The room was neat and tidy. Beside the bed were two books. I sat on the bed and looked at them.
Jane Eyre
and
Little Women.
I had read parts of
Jane Eyre
as a child but usually stopped when Jane left Lowood. After that Jane became an adult and, though I sometimes tried to read on, I found her love for Mr Rochester boring and couldn’t understand the point of it. Now I held the book in my hands and believed that perhaps I was ready to read the rest of the story. Perhaps I should like to read about love.

There was a washbasin in the corner with a round mirror above it and a vase of dried flowers on the window-sill. I slipped out of my shoes and put them in the corner. The cream carpet was soft under my socks. All this for me? I walked around the small room, one corner to the next, letting my feet sink into the carpet. Maggie knocked on the door. I waited for a moment, then realized I was supposed to open it. I had to force
my hand to turn the handle and I was still afraid as I pulled the door back.

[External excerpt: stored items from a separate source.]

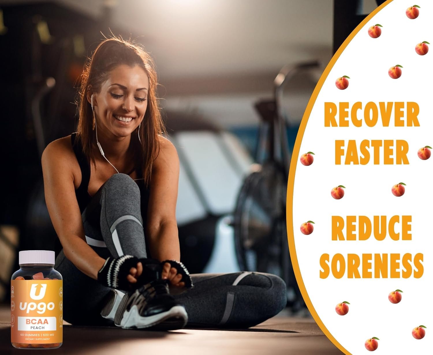 A MONTH SUPPLY OF BCAA SUPPLEMENTS IN A SINGLE BOTTLE. Each bottle of UpGo BCAAs comes with 60 gummy fruit snacks. A serving size is just one of our delicious BCAA gummies, giving 30-days of muscle recovery and build packed into one small bottle! No more lame powders, just throw a bottle in your gym bag, or in your pantry, and get used to craving your BCAAs for once.
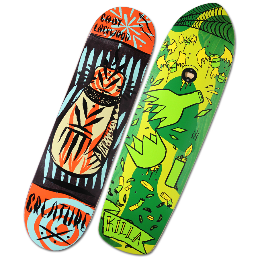 写真左から、Lockwood Token / Orange(8.25インチ)、Brue Killer(8.6インチ)。ともに¥11,000
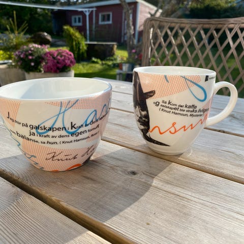 2 pene store lilla kopper fra Modern House. Tekopper er lilla utenpå og hvite inni med påskriften:
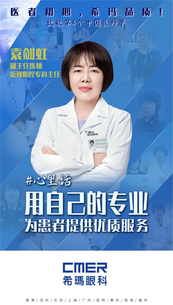 2015年,袁劍虹轉(zhuǎn)業(yè)離開了部隊(duì),逐漸開始轉(zhuǎn)向視光領(lǐng)域,從眼科全科轉(zhuǎn)而專職做小兒及青少年近視防控。2019年,袁劍虹來到了深圳,并加入深圳?,斄猪槼毖劭漆t(yī)院,在近視防控??迫温?。
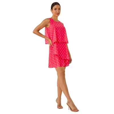 Roman Womens Sleeveless Polka Dot Print Tiered Playsuit Pink Size 12 UK
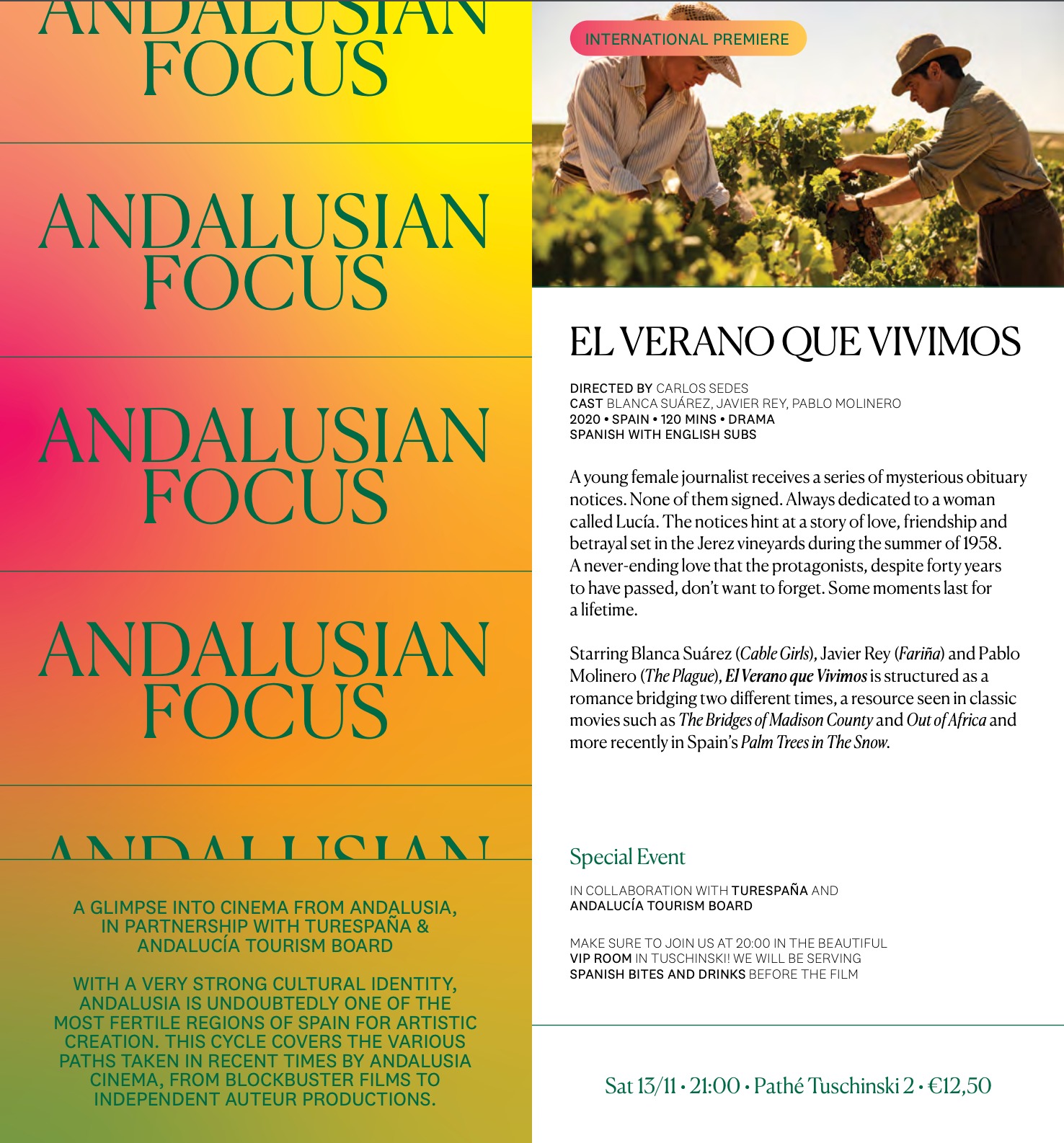 También se proyectará el documental ‘Antonio Machado, los días azules’ y ‘El verano que vivimos’, producciones que estarán acompañadas respectivamente por una presentación del destino y una degustación gastronómica de productos andaluces, en colaboración con Turespaña y el Instituto Cervantes.
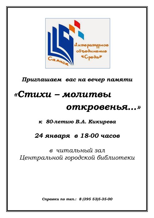 В Саянск приехал в 1994 г., когда пошел на заслуженный отдых. С его творчеством читатели знакомились через публикации стихов в местных периодических изданиях. Вадим Кикирев участвовал в заседаниях литературного объединения «Среда», проводились его творческие вечера.
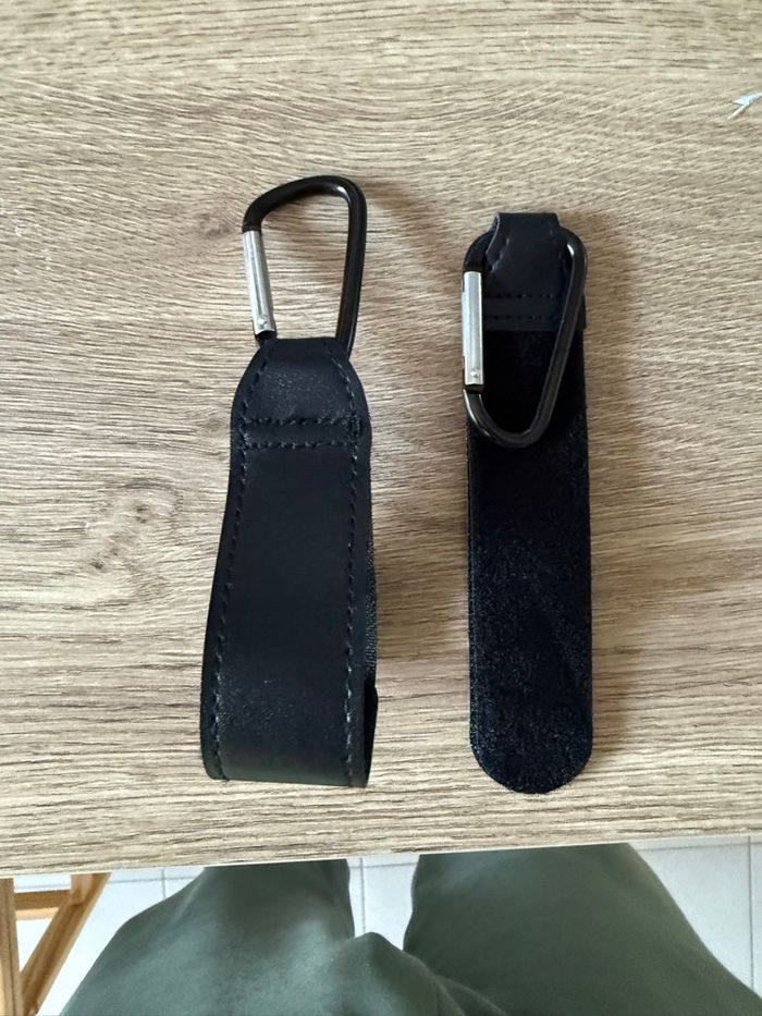 Lot de 2 crochets en cuir universel et pour toute par marque de poussette. Scratch pour attacher autour de la poussette et mousqueton pour les sacs Expédition le jour même si avant midi sinon le lendemain. Autre article de bébé dans mon dressing.

Maggie beamed. On her arm was a pile of neatly folded pea-green towels. ‘Do you like it? You might want a bookcase, I suppose, or a desk, but I can get them if you need them. Have you looked out of the window? You’ve got a view of the park. See?’

Maggie drew back the curtains, gazed out with an expression of wonder, as if she had never seen the park before. My father and I had strolled through the horse-chestnut leaves on our way to the station at the other side, talking of autumn and cold weather. The memory came to me for the first time. I’d picked up a conker and put it into my pocket. I liked the feel of it and kept it there for the rest of the trip. I couldn’t see the park clearly now, just a gap where there was nothing else. I saw the string of lights along the road, the tops of houses, traffic-lights. I felt as if I ought to be able to walk into the park and find my younger self with my father, crunching through the leaves.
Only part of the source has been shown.